If I write a D file like this one: http://arsdnet.net/dcode/iface/test.d and you compile with dmd -c, you'll see it goes without errors; that's a valid D file. The language allows you to write function prototypes without implementations.
A .di file is just like that, it just has a different file name.
Then given main: http://arsdnet.net/dcode/main.d if you compile dmd main, it will automatically search for iface/test.d when it sees "import iface.test;", find that .d file, or the .di if you rename it but same thing, and get your interface definition.
dmd main will fail with a linker error, so we need to implement it: http://arsdnet.net/dcode/impl.d Note: the impl does NOT import the module, so it never checks the other file. Keeping the .di and .d files in sync is one of the tricky parts here, unless you auto-generate the interface file, as undefined methods would give linker errors, but the order of methods is important: it must match, and so do the list of variables if there's any public ones. Otherwise, the usage code and the implementation code won't agree on the class' layout.

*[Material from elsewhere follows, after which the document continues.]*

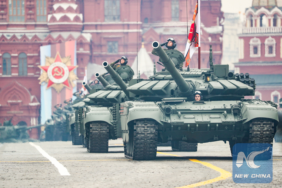 Russian T-72 B3 tanks roll through the Red Square during the Victory Day military parade in Moscow, Russia, on May 9, 2019. (Xinhua/Bai Xueqi)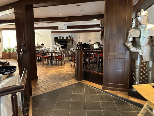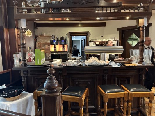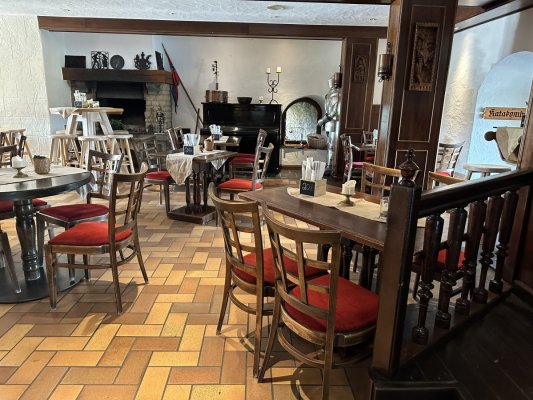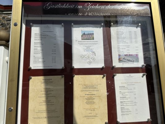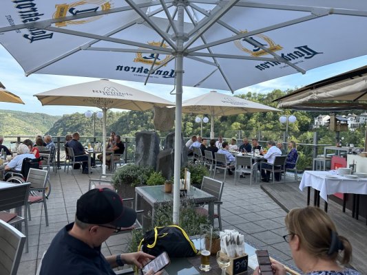 Restaurant with a terrace that offers a magnificent view of the Rhine. Restaurant at the ... Di più Restaurant with a terrace that offers a magnificent view of the Rhine. Restaurant at the hotel, in the style of an old castle. Everything is very beautiful, authentic. But the prices are too high, a glass of Riesling costs almost 9 euros…

Again, it does not check that automatically, the implementation file doesn't look at the "header" file at all, so this is a major difference from C++ where you write the header file once, then use it in both the usage program and the implementation file.
You'll notice that the implementation file also lists the class, etc., too. D doesn't support the void MyClass::add(int a) {}
syntax C++ has to write the method outside the class.
As far as I know, there's no way to force the implementation file to look for the header, if you put both on the command line, you get: "Error: module iface.test from file iface/test.d conflicts with another module test from file impl.d"
The way .di files are recommended to be used is to auto generate them with dmd -H. This reads the full implementation file and strips out the function bodies, leaving just the definitions. This part is probably the key thing when they say it is a feature of the compiler - the .di file is valid and standard D, but generated via a compiler option that doesn't necessarily need to be part of other compilers.